May 4, 2010
Burma is drawing severely close to widespread civil war. Tensions between the ruling military junta and numerous ethnic armed forces have reached their highest in 20 years and look likely to cause an eruption of violence in coming months.
Continued demands from military rulers, the State Peace and Development Council (SPDC), on all non-state armed groups to join the national forces continue to be rejected, leaving over a dozen decades-old ceasefires perilously under threat. In a country where civilians are routinely targeted by the government as part of military strategy, the expected outcomes are nothing short of horrific.

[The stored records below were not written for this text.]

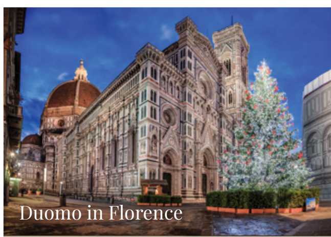
Duomo in Florence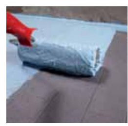
1° coat on existing tiles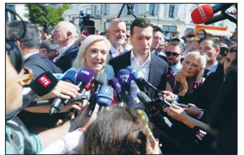
Far-right leader Marine Le Pen and far-right party National Rally president Jordan Bardella answer journalists as they arrive to visit a market in La Fleche, western France on July 8.

But after huddling for hours with other leading figures of her National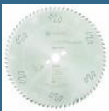
BOSCH Disc Top Precision Best for Wood 315x30x72T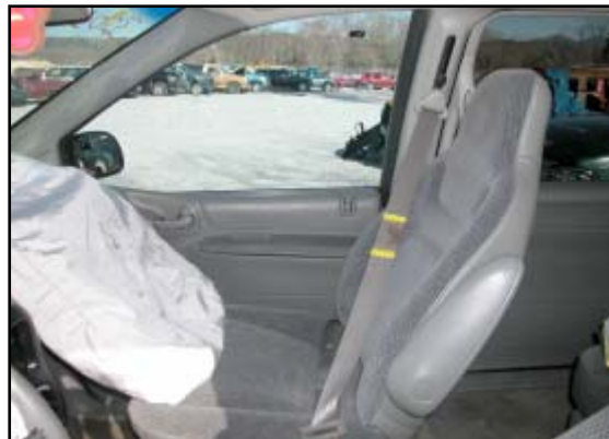
Figure 13. Front right safety belt, body fluid highlighted by calibrated tape.

The remaining outboard belt systems utilized light weight locking latch plates and belt sensitive ELR’s. The front right and second row seats were equipped with height adjustable D-rings that were in the full down position at the time of the SCI inspection. The third seat contained a center seating position that was configured with a fixed length lap belt with a locking latch plate and no retractor.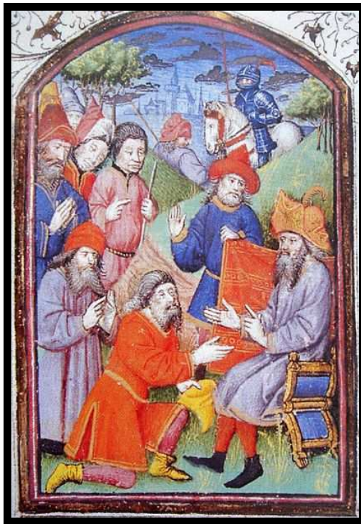
Hetoum I (seated) in the Mongol court of Karakorum, "receiving the homage of the Mongols".[1] Miniature from "Histoire des Tartars", Hayton of Corycus, 1307.

Hetoum abdicated in 1270 in favor of his son Leo II, and lived out the rest of his life in a monastery, as a Franciscan monk.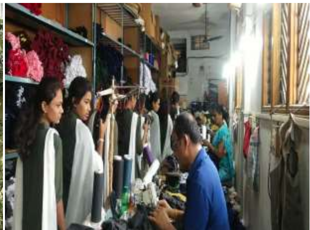
Education Visit at Shyam Hositex Aamgaon

Latitude: 21.364179 Longitude: 80.372190 Elevation: 343.76±2 m Accuracy: 4.4 m Time: 03-02-2024 11:48 Note: Industrial visit to Shyam Hositex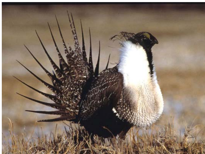
Greater Sage Grouse displaying

I am a member of the Sage Grouse Working Group. This panel is a group composed of biologists from the Washington Department of Fish and Wildlife (WDFW), US Fish and Wildlife Service (USFWS), Yakama Nation, The Nature Conservancy, US Department of Agriculture (USDA), Washington State Parks, and concerned members from the public such as the Audubon Society, and Washington Cattlemen's Association. This group is interested in conservation of the Greater Sage-Grouse. We met in Toppenish on March 1. This meeting updated us all on actions underway aimed at conserving populations and habitat for the grouse, a cornerstone species of the shrub-steppe habitat in the Columbia Basin.

On April 28th, the final deadline passed for all of Burma’s ceasefire armies to accept the junta’s Border Guard Force plan, a process that aims to bring them under direct state control and work to eradicate all remaining insurgents. Determined to stay autonomous until their people are given greater rights to civil, political and humane justice, almost all groups have rejected the plan calling for a political dialogue to achieve national reconciliation.
As SPDC troops move in on “ceasefire zones”, thousands of civilians have been forced to flee their homes, many not for the first time, in search of refuge. Some have moved into Thailand across its northern and western borders while others have remained in Burma fleeing to the jungle or deeper into ceasefire zones. There are an estimated 1-3 million internally displaced people in Burma and over 150,000 refugees in Thailand. These figures could rise dramatically if the SPDC carries out its threats that “war will break out like it did in 1989.”
During the month of April, numerous statements were made by ethnic leaders calling for peaceful solutions to the nation’s protracted military and political tensions. However these requests have been met with persistent threats of violence from the ruling State Peace and Development Council (SPDC) forcing the groups to prepare for battle.
After almost a year of threats from the SPDC, speculation that conflict would reignite appears to be becoming a reality. Everyday seems to take Burma a step closer to widespread civil war and it is fast becoming a question of not if but when. The clearest indicators that heightened conflict is imminent have been shown by the civilians who have fled their homes, stopped trading or put prices up on their market stalls. For the older generations who experienced widespread civil war in the 1980s these are likely all warning signs of a return to the struggle of living amongst conflict.